Os 1,1 mil professores recém-nomeados integram um grupo de mais de 3,4 mil profissionais convocados para atuar nos colégios da rede estadual de ensino de todos os núcleos regionais do Paraná. Os primeiros 1,2 mil nomeados tomaram posse em janeiro de 2024 e outros 1,1 mil tiveram os decretos de nomeação publicados em maio.

Os nomeados estão entre os candidatos mais bem classificados no concurso público promovido pela Seed em junho de 2023, que teve como objetivo aumentar a oferta de docentes para atender às mais de duas mil escolas estaduais do Paraná.

Os novos professores atuarão em disciplinas como Matemática, Língua Portuguesa, Ciências, História e Química, entre outras, com carga horária de 20 a 40 horas semanais, dependendo da aprovação em um ou dois cargos.

Progressão

A outra medida beneficia diretamente cerca de 10 mil professores da rede estadual.
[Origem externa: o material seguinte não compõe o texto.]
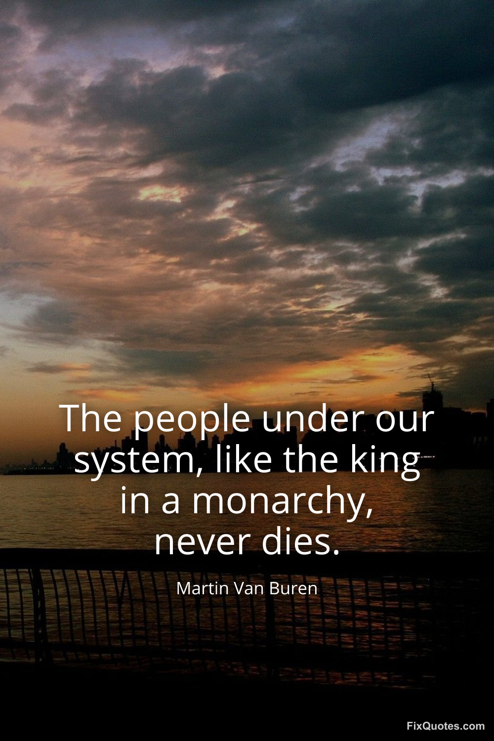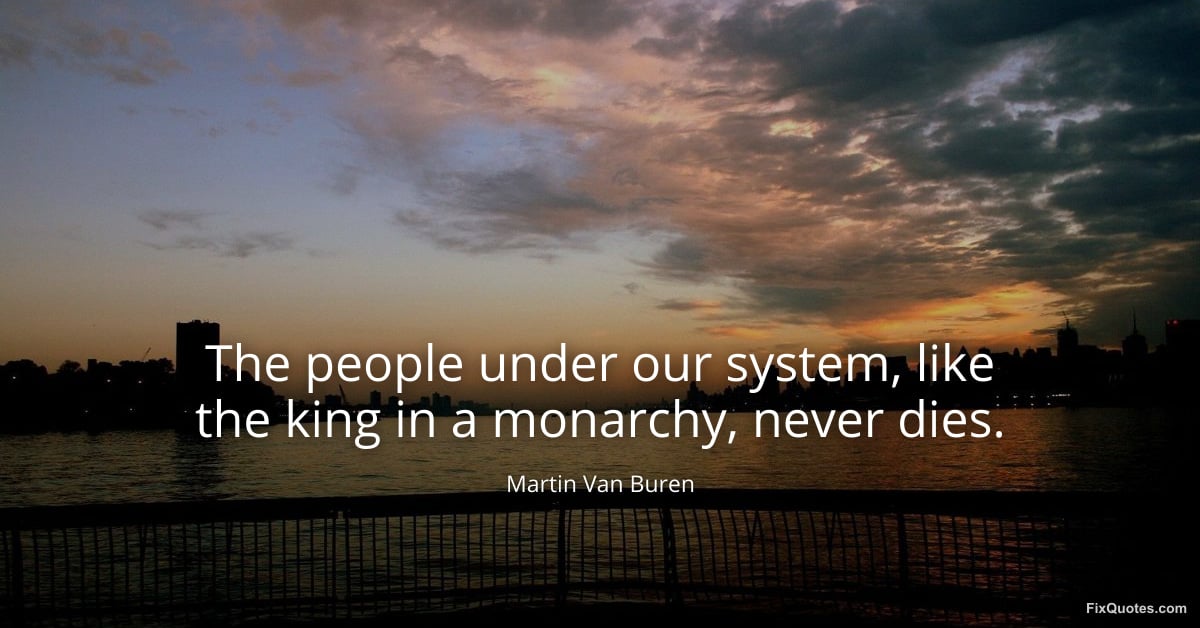 Buren, Martin Van. (2026, January 15). The people under our system, like the king in a monarchy, never dies. FixQuotes. https://fixquotes.com/quotes/the-people-under-our-system-like-the-king-in-a-156768/

A progressão de carreira permitirá que esses docentes avancem para uma referência superior dentro da mesma classe, conforme o plano de carreira do magistério. A mudança será incluída na folha de pagamento a partir de janeiro de 2025.

O avanço na carreira considera critérios técnicos, como avaliação de desempenho e participação em cursos de formação. Avaliações realizadas semestralmente pelas escolas analisam aspectos como assiduidade, pontualidade e participação dos professores. Já a realização de cursos possibilita um avanço maior: o professor pode subir duas classes ao acumular 30 pontos, sendo 15 pontos necessários para cada classe.

Para atingir os 15 pontos por classe, o docente deve obrigatoriamente acumular 12 pontos em cursos ofertados pela secretaria, podendo optar por completar os 3 pontos restantes com formações externas ou com outros cursos da própria Secretaria. Esse modelo valoriza tanto o desempenho no ambiente escolar quanto o compromisso com o aperfeiçoamento profissional, contribuindo para uma educação pública de maior qualidade.